The coordinator runs stale detection during `refreshWorkerStatuses()` and automatically removes dead sessions.

## Safety Model

| Safety Layer | Protection |
|-------------|------------|
| **Feature flag** | `parallel.enabled: false` by default — existing users unaffected |
| **Eligibility analysis** | Dependency and file overlap checks before starting |
| **Worker isolation** | Separate processes, worktrees, branches, context windows |
| **`SF_MILESTONE_LOCK`** | Each worker only sees its milestone in state derivation |
| **`SF_PARALLEL_WORKER`** | Workers cannot spawn nested parallel sessions |
| **Budget ceiling** | Aggregate cost enforcement across all workers |
| **Signal-based shutdown** | Graceful stop via file signals + SIGTERM |
| **Doctor integration** | Detects and cleans up orphaned sessions |
| **Conflict-aware merge** | Stops on code conflicts, auto-resolves `.sf/` state conflicts |

## File Layout

```
.sf/
├── parallel/                    # Coordinator ↔ worker IPC
│   ├── M002.status.json         # Worker heartbeat + progress
│   ├── M002.signal.json         # Coordinator → worker signals
│   ├── M003.status.json
│   └── M003.signal.json
├── worktrees/                   # Git worktrees (one per milestone)
│   ├── M002/                    # M002's isolated checkout
│   │   ├── .sf/                # M002's own state files
│   │   │   ├── auto.lock
│   │   │   ├── metrics.json
│   │   │   └── milestones/
│   │   └── src/                 # M002's working copy
│   └── M003/
│       └── ...
└── ...
```

Both `.sf/parallel/` and `.sf/worktrees/` are gitignored — they're runtime-only coordination files that never get committed.

## Troubleshooting

### "Parallel mode is not enabled"

Set `parallel.enabled: true` in your preferences file.

### "No milestones are eligible for parallel execution"

All milestones are either complete or blocked by dependencies.

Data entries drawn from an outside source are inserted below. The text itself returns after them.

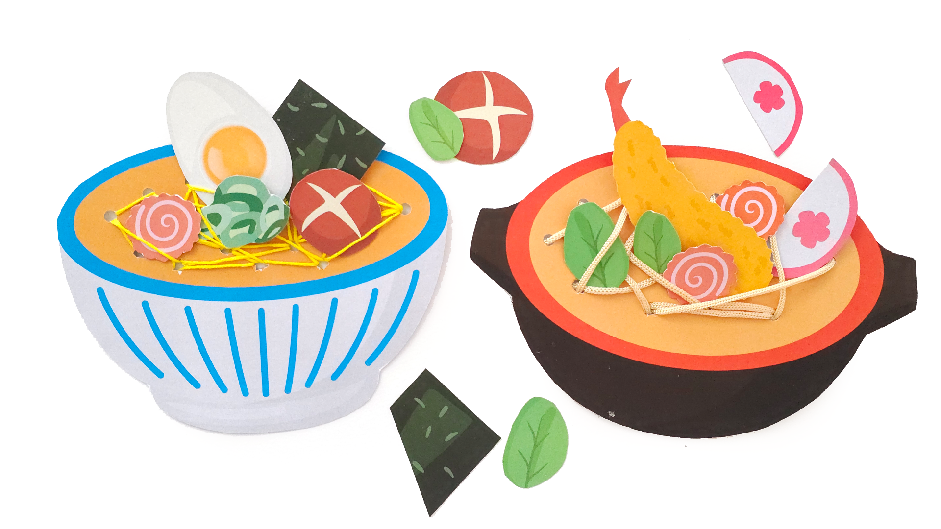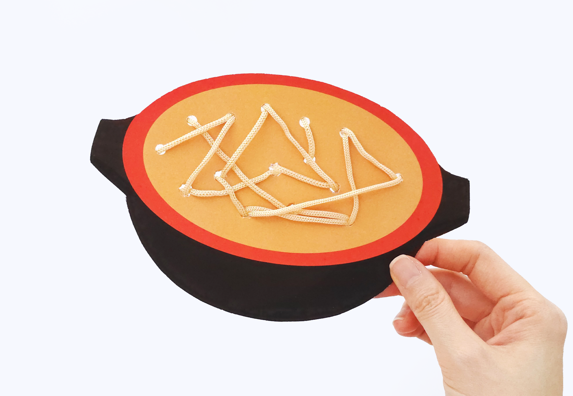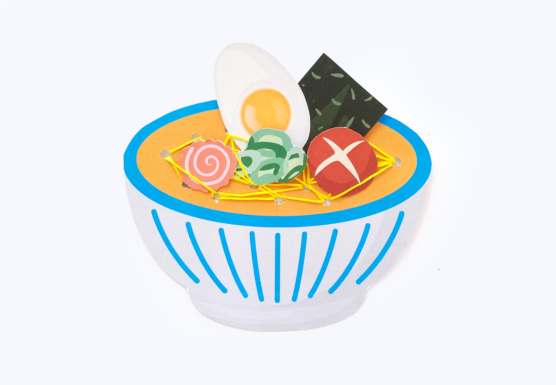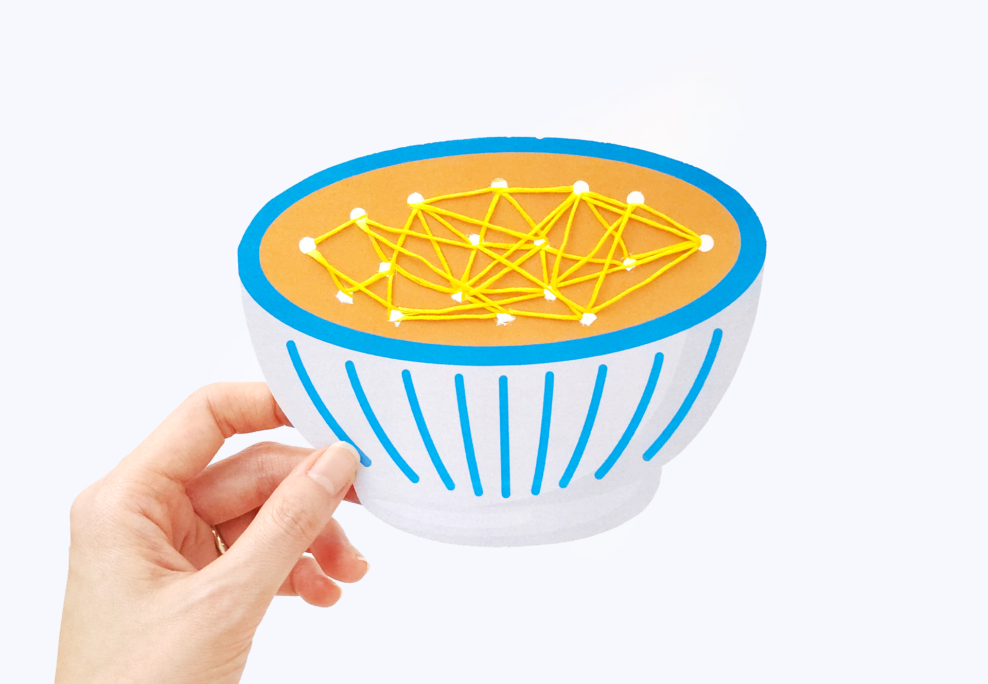 먼저 원하는 그릇 도안을 두꺼운 도화지에 붙인 뒤 외곽선을 따라 오립니다. 면이 들어갈 부분에 구멍펀치로 여러 개의 구멍을 뚫어 준비한 다음, 실이나 털실을 이용해 구멍 사이를 오가며 면을 표현합니다. 마지막으로 고명을 색칠해 붙이면 입체감 있는 라면 또는 우동 그릇이 완성됩니다.
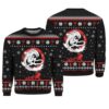 Embrace the holiday spirit with a terrifying twist! The Xenomorph Alien Christmas Ugly Sweater features a menacing Xenomorph emerging from a stylized red circle, reminiscent of a Christmas ornament, against a backdrop of classic snowflakes and geometric patterns. The creature’s terrifying silhouette is rendered in stark white, creating a striking contrast against the black background. The red accents add a festive touch while subtly referencing the Xenomorph’s deadly acidic blood.
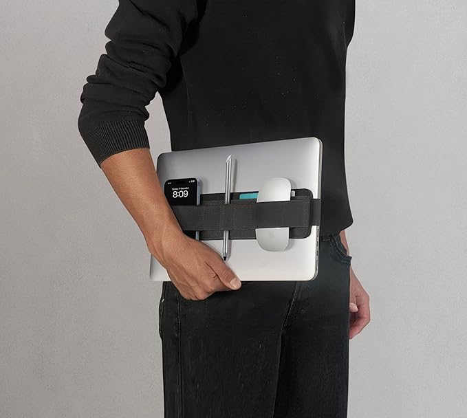 - THE PERFECT COMPLEMENT FOR YOUR LAPTOP: Smart and flexible design to organize and carry your most important items attached to a laptop or notebook. Flat pockets for slim accessories, flexible pouch for bulky stuff, and elastic bands for small things. Keep your desk organized and neat.
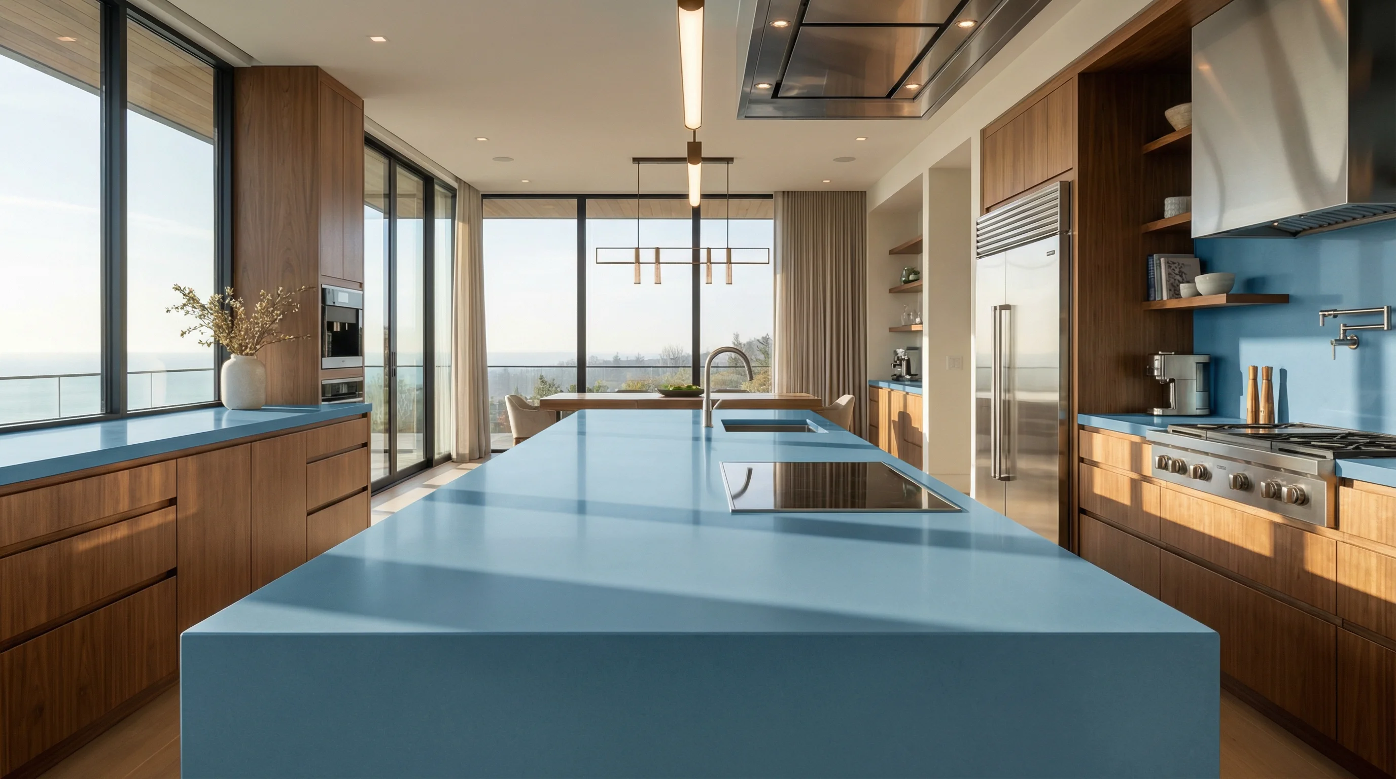 Откройте для себя новое измерение стиля с этой уникальной рабочей поверхностью из искусственного камня, выполненной в насыщенном, однотонном голубом оттенке. Ее глубокий, спокойный цвет мгновенно притягивает взгляд, привнося в интерьер кухни ощущение безмятежности и утонченной элегантности. Идеально гладкая поверхность камня напоминает спокойные воды океана, становясь центральным элементом дизайна, который подчеркивает современный и взыскательный вкус владельца.
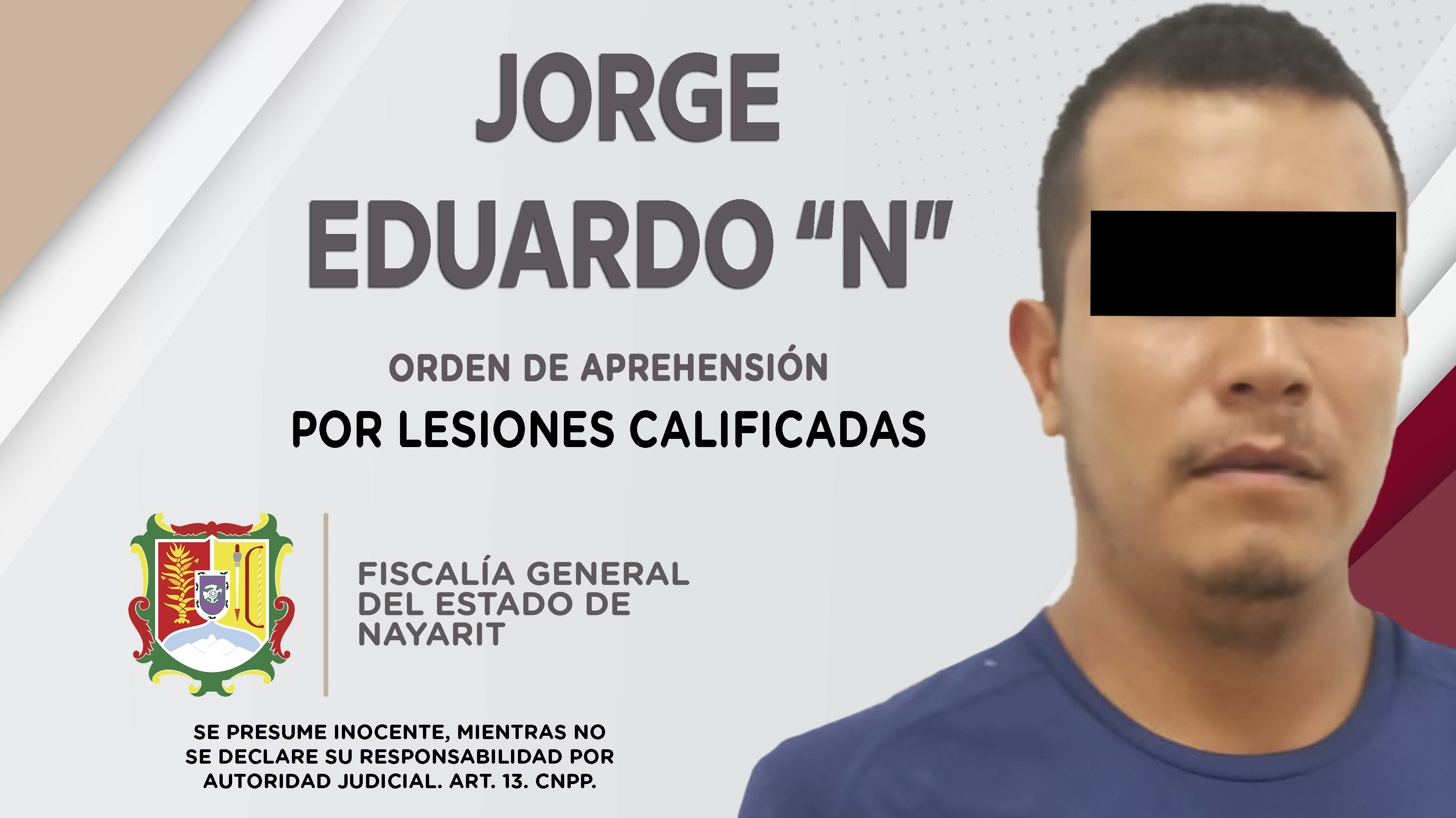 Personal de la Agencia de Investigación Criminal de Nayarit dio cumplimiento a una orden de aprehensión en el poblado Valle de Banderas, municipio de Bahía de Banderas contra Jorge Eduardo “N”, por su presuntiva responsabilidad penal en hechos que...

Check `/queue` to see milestone status and dependency chains.

### Worker crashed — how to recover

Workers now persist their state to disk automatically. If a worker process dies, the coordinator detects the dead PID via heartbeat expiry and marks the worker as crashed. On restart, the worker picks up from disk state — crash recovery, worktree re-entry, and completed-unit tracking carry over from the crashed session.

1. Run `/doctor --fix` to clean up stale sessions
2. Run `/parallel status` to see current state
3. Re-run `/parallel start` to spawn new workers for remaining milestones

### Merge conflicts after parallel completion

1. Run `/parallel merge` to see which milestones have conflicts
2. Resolve conflicts in the worktree at `.sf/worktrees/<MID>/`
3. Retry with `/parallel merge <MID>`

### Workers seem stuck

Check if budget ceiling was reached: `/parallel status` shows per-worker costs. Increase `parallel.budget_ceiling` or remove it to continue.